Еще налет. Теперь с нами и Варя, и Капа. Прижавшись всем телом к сырым, холодным, влажным камням, я вижу неподалеку от себя Тасино лицо и вдруг понимаю, какая она красивая, Тася, какой у нее рот, и какая шея, и какая стремительность, широта, прелесть в ее тонких, разлетевшихся бровях, сколько… Я не успеваю додумать. Воет фугаска. Мы вжимаемся в камни, нас засыпает щебенкой, землей, грязью, щепками…
А потом мы снова работаем, и я слышу, как Тася шепчет мне:
— Я не выдержу! С ума сойти! Ната, я не выдержу! Ната, я убегу…
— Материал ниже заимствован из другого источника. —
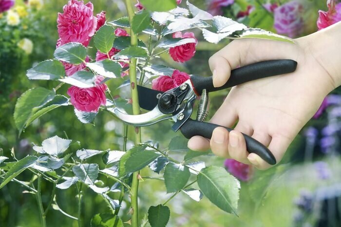 Основа правильной обрезки роз — выбор подходящего инвентаря. Для этого ответственного занятия лучше выбрать пару прочных длинных перчаток, которые надежно защитят руки от шипов, а также качественный секатор, желательно с удлиненными ручками.
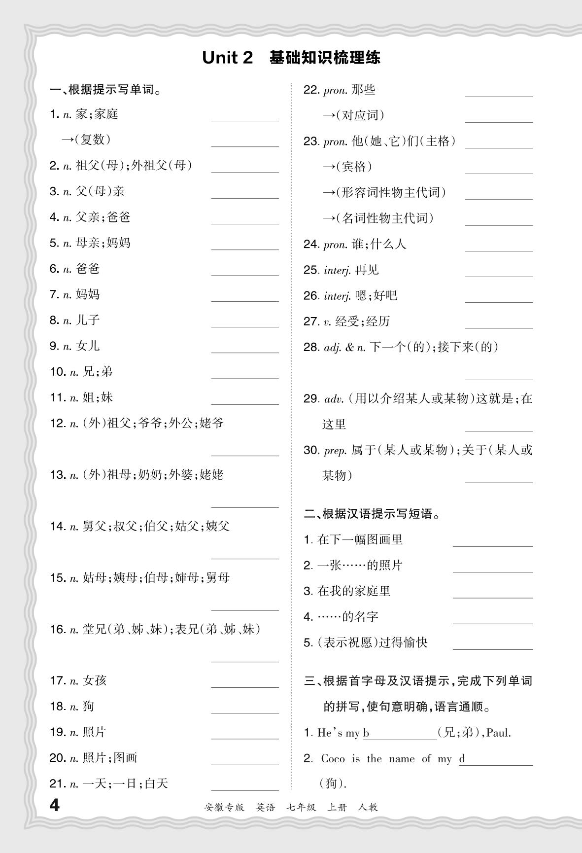 2023秋上册七年级英语人教版 期末过课本·Unit 2 基础知识梳理练
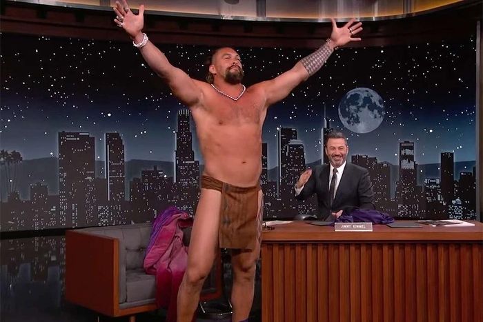 Tham gia chương trình Jimmy Kimmel Live ngày 10/11, tài tử Hollywood cũng xuất hiện với hình ảnh gợi cảm, phô diễn hình thể cơ bắp, không ngại khoe mông trước nhiều khán giả. Momoa phát biểu: "Ôi Chúa ơi, tôi thực sự không thích mặc quần áo nữa".
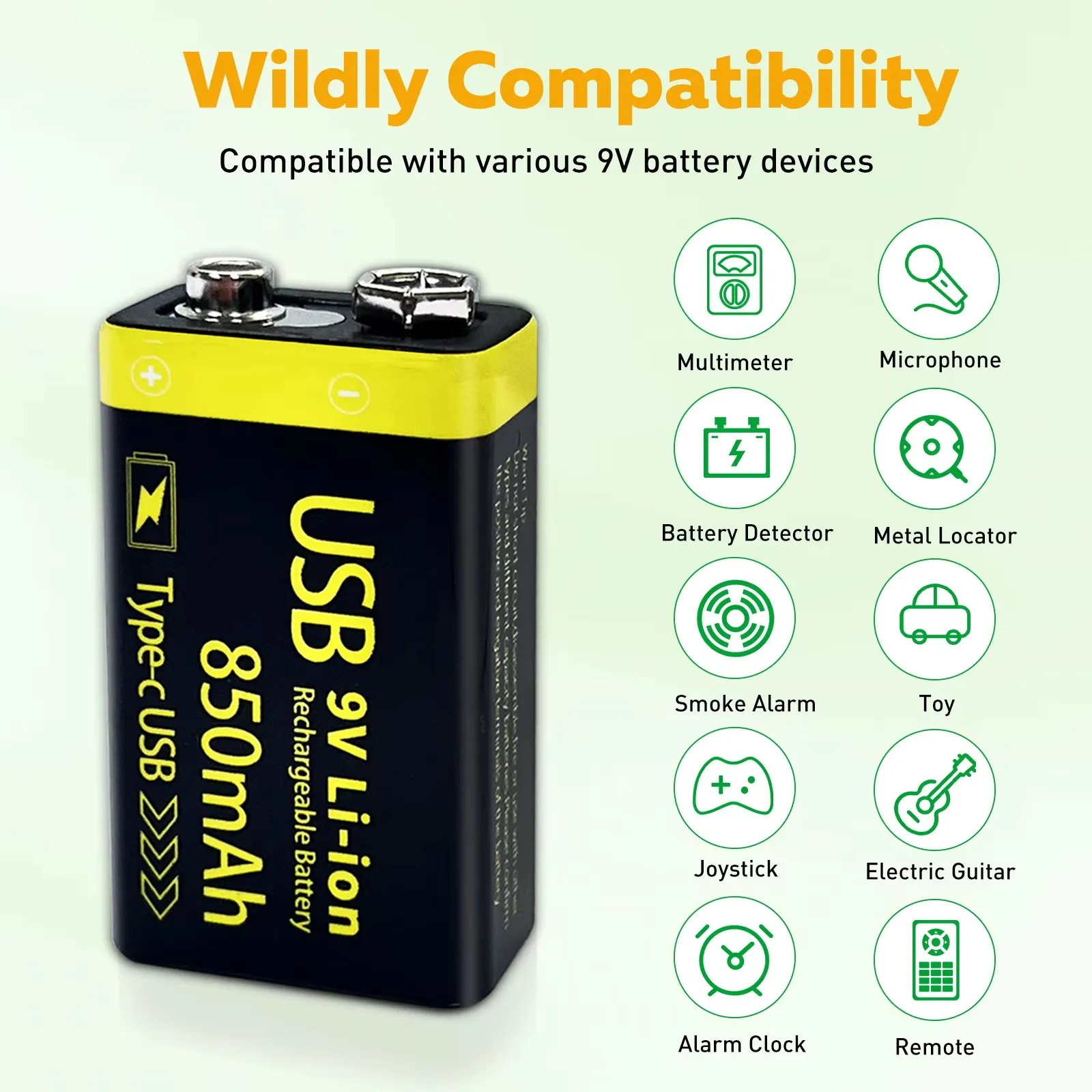 | 9v rechargeable battery | for Multimeter/Microphone/Smoke Alarm/Electric Guitar/Toy |

Наш старый хирург, толстый и лысый человек с торчащими грозными седыми усами, сидит на ящике и курит самокрутку из деревянного мундштука. Во время бомбежки его ушибло камнем в поясницу, и теперь он ходит почти на четвереньках. Его зовут Петр Андреевич. Мне сказали, что у него какая-то сложная болезнь, я забыла название, что у него бывают припадки этой болезни, и тогда он катается от нечеловеческой боли и совершенно теряет разум.
Сколько я не спала?
Не знаю. Ничего не помню. В голове стучит, руки онемели, в главах песок.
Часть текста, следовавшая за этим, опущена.